Sangre

~ Paul ~



         De niños, todos tenemos una versión un tanto distorsionada de las cosas. A veces cuando crecemos podemos ser capaces de ver la diferencia entre ésa versión nuestra y la realidad.
Para Paul, el recuerdo de su abuelo siempre pendía entre la una y la otra con un doloroso vaivén. El viejo había muerto cuando él tenía tan sólo siete años, y la imagen que tenía de aquel hombre era, en sí misma, un mero eco en su cabeza. Sin embargo, había algunas cosas que recordaba como si hubiesen sucedido ayer, y era a esas cosas a las que Paul se afianzaba con todas sus fuerzas. A sus lecciones de la vida, cuándo les enseñaba a Gavin y a él a jugar al ajedrez, por ejemplo. O la primera vez que Paul se vio obligado a hacer algo que no quería.

         El viejo acostumbraba a salir de caza. Traía cosas pequeñas como perdices o conejos, que su madre cocinaba después. Un año antes de morir, trajo un conejito blanco metido en su bolsillo. Era pequeño y escuálido, y recayó sobre él la tarea de alimentarlo y cuidarlo. Y aunque era sólo un niño, en el fondo siempre supo cual sería el destino de aquel conejo. Pero no por eso se sintió mejor al respecto aquel día, el día 16 de marzo, el anterior a San Patricio.
         Su abuelo le pidió que lo ayudase sujetándolo de las patas. Muy fuerte, había dicho el viejo. Y aunque el animal ya no era ni pequeño ni escuálido, a él le seguía pareciendo poca cosa como para crear problemas. Estaba equivocado; cuándo su abuelo le rebanó el cuello sobre la pila, éste se sacudió tan fuerte que pensó que llegaría a soltarse.
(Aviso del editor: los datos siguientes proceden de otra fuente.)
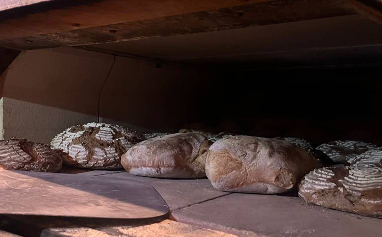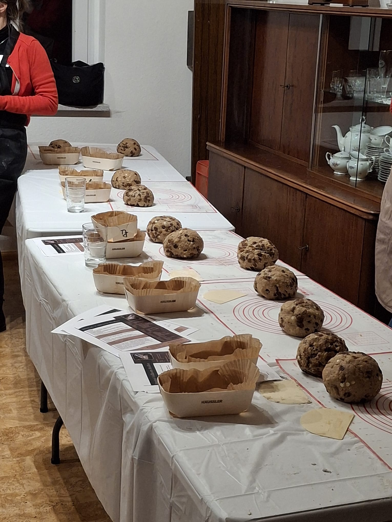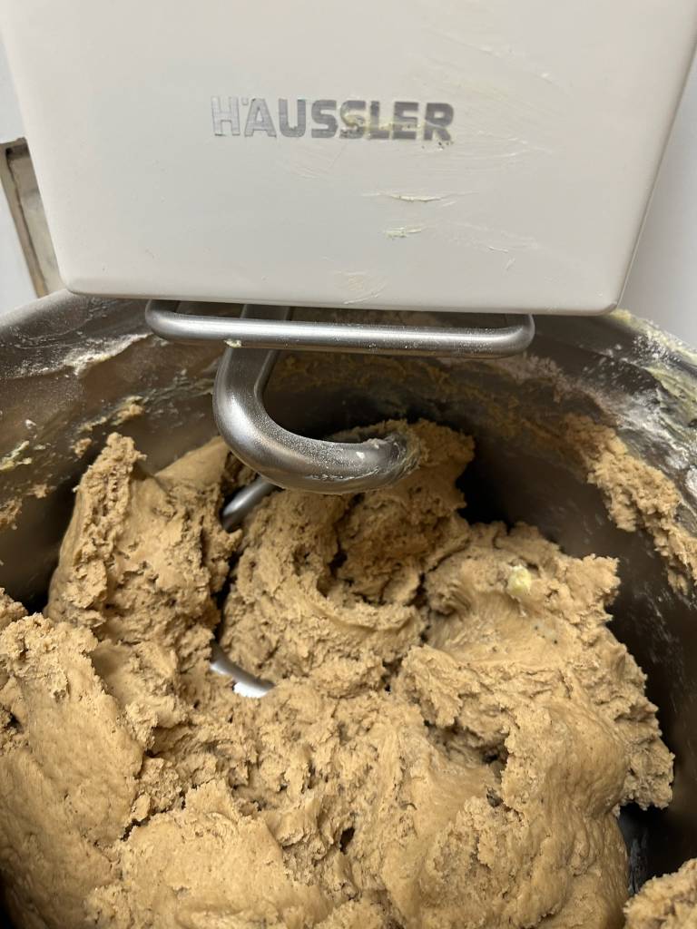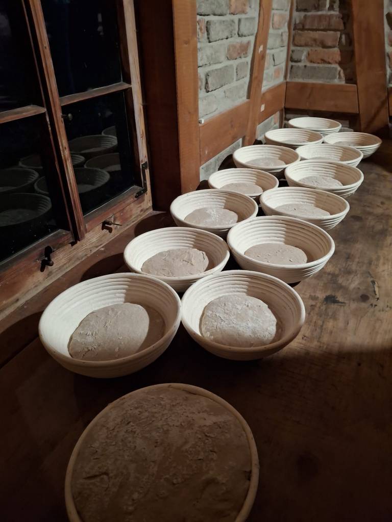 Doch zum langen Verweilen bleibt keine Zeit. Das würzige Menü will bereitet sein. Und so begeben sich die Bäcker hinüber ins Backhaus und widmen sich neben den theoretischen Grundlagen des Brotbackens dem Stollenteig, denn heute darf jeder anstelle des sonst üblichen Brotes einen kleinen Stollen mit nachhause nehmen und der will vorher gebacken sein. Da sind viele Zutaten nötigt und die werden mit einer großen Menge Butter verknetet. Köstlicher Duft verbreitet sich und die kleinen Laibe liegen bald bereit.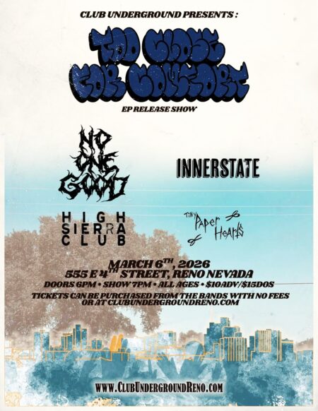 A chapter we’ve been writing for months finally hits the stage on March 6th with some of our best friends in @noonegoodnv @innerstateofficial @highsierraclub and @tinypaperhearts at the legendary @clubunderground.reno. Don’t miss this stacked local lineup for one night only. Tickets are $10 and are available through every band with no fees or online at clubundergroundreno.com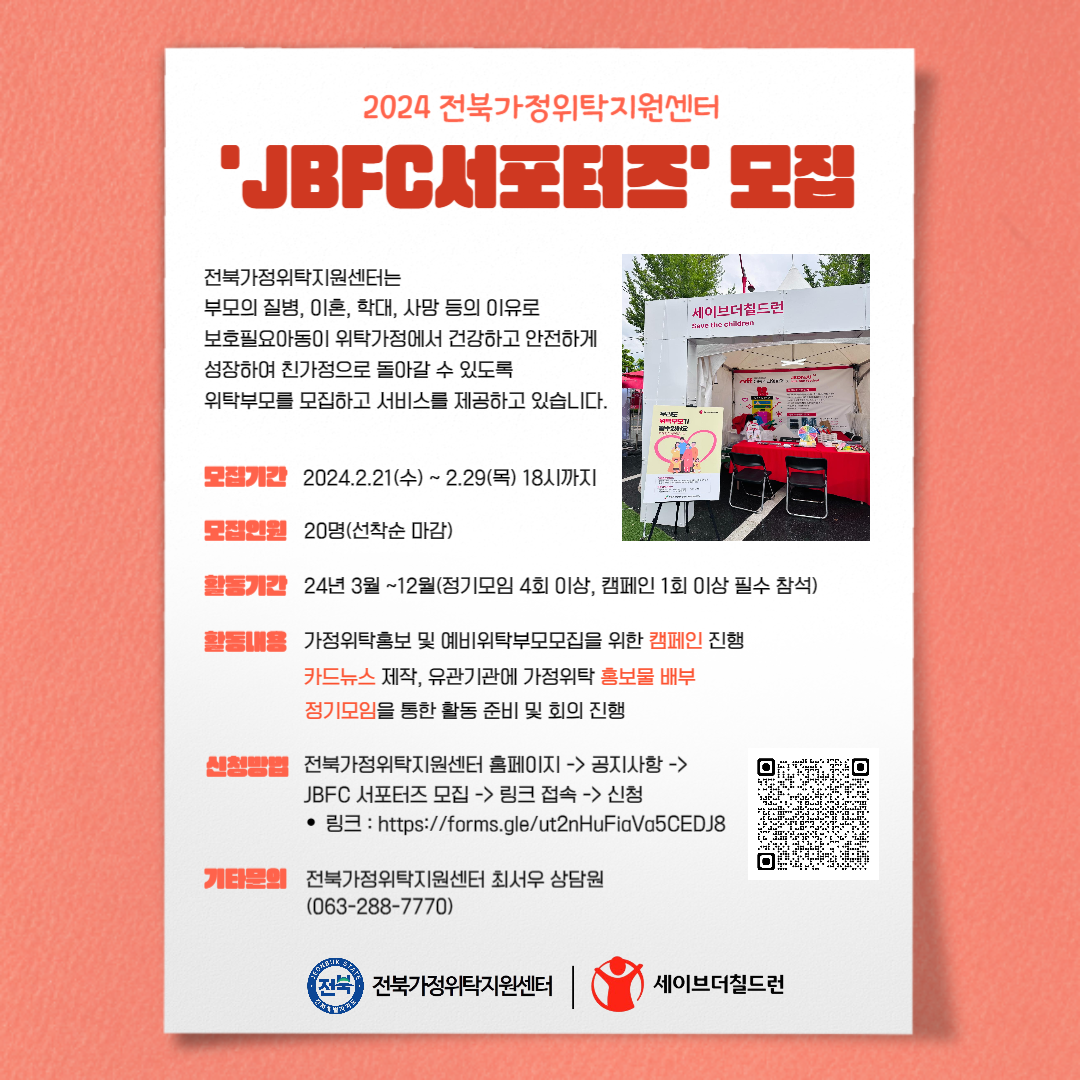 2024 전북가정위탁지원센터 'JBFC 서포터즈' 자원봉사자 모집 안내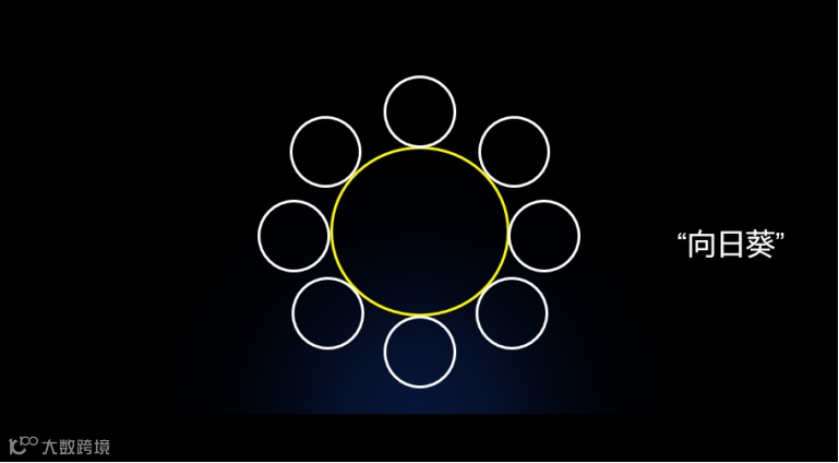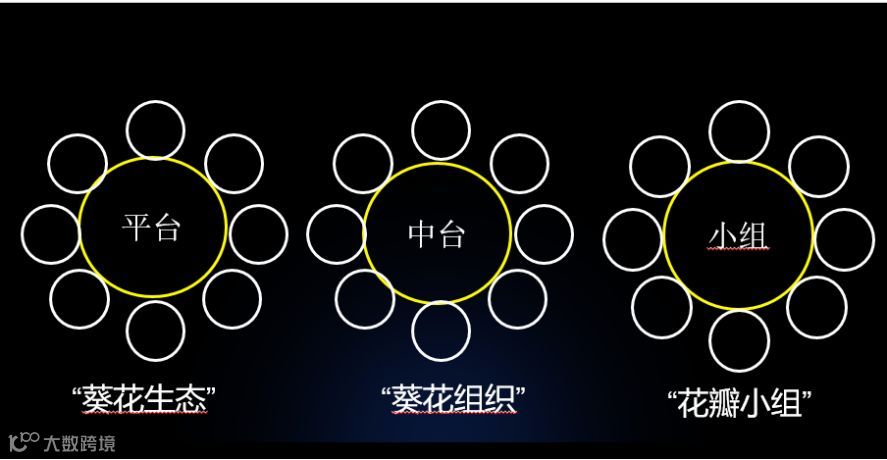 第三,强大的中后台能力。每一个外边的小圈变成了一个主体,中台为它提供各种各样的支持和服务。很像一个向日葵,中间是核心能力,用于支持着每一朵花瓣儿,每一朵花瓣都是一个完整的最小组织单元,由它直接面对这个世界。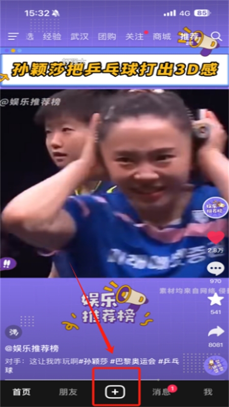 2、打开抖音应用,点击底部导航栏的加号按钮开始发布。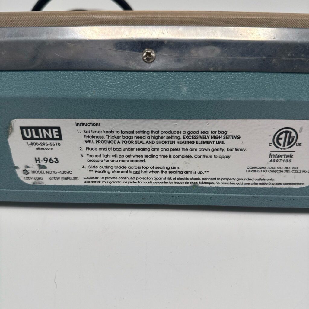ULINE Impulse Sealer 16″ Tabletop Teal Light Blue with Cutter Bag Sealer H-963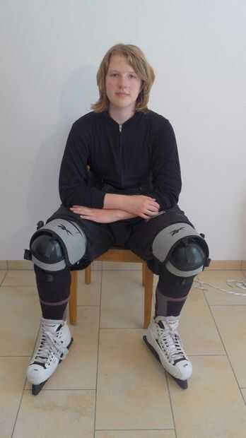 Después de tus patines están en, necesitan que se unirá a los pads de retraso para que aquellos no se tuerza durante el juego. Sentarse en una silla o banco con los pies en el suelo y coloque las almohadillas hacia fuera delante de usted como se muestra en las fotos. Asegúrese de que las pastillas son en la pierna correcta comprobando si la llanta en la cara de la almohadilla está en el exterior. Luego agarrar los cordones en la parte inferior de las almohadillas y sujete a la parte inferior de tus patines como se muestra en el vídeo incluido en el principio de este Instructable. Asegúrese de que estos lazos no se afloje o interferir durante el juego, al igual que los cordones de skate. Hacer esto para ambas almohadillas.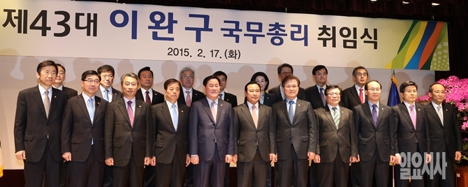 17일 오후 세종로 정부서울청사에서 열린 '제43대 국무총리 취임식'에 서 이완구 신임 국무총리와 각 부서장관들과 기념촬영을 하고 있다.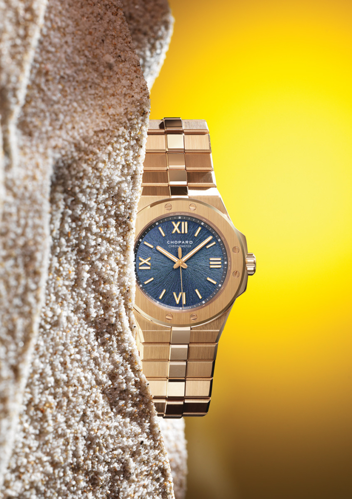 다이얼에는 브랜드 아이덴티티가 담긴 샌드위치 구조를 적용했으며, 세이프티 록 크라운 보호 장치와 클래스프까지 골드테크TM로 함께 가공해 유려한 실루엣을 완성했다.

Sentía el temblor del conejo a través del contacto. El miedo, antes del cuchillo, y cómo la vida se le escapaba después. Y aún hoy se sorprendía por la fuerza del bicho.
         Había llorado. La sangre lo asustó casi tanto como al animal el cuchillo, y también la muerte.
         —A veces tenemos que hacer cosas que no nos gustan para sobrevivir, Paul, es importante que lo aprendas pronto —dijo su abuelo—. La sangre no debe darte miedo, corre por las venas de todos, es lo único que tenemos en común. Y los lazos de sangre son los más fuertes, recuérdalo, muchacho. Eso es algo que no conviene olvidar. La sangre nos hace quienes somos, y a veces también un poco esas ganas de sobrevivir. De sobrevivir siendo fieles a nosotros mismos, y a aquellos a quienes amamos, nunca viviendo como nos dicten los demás. Mañana nos comeremos este conejo, es la carne lo que nos alimenta, pero lo que nos hace fuertes es siempre la sangre. Y tú tienes que ser fuerte, chico.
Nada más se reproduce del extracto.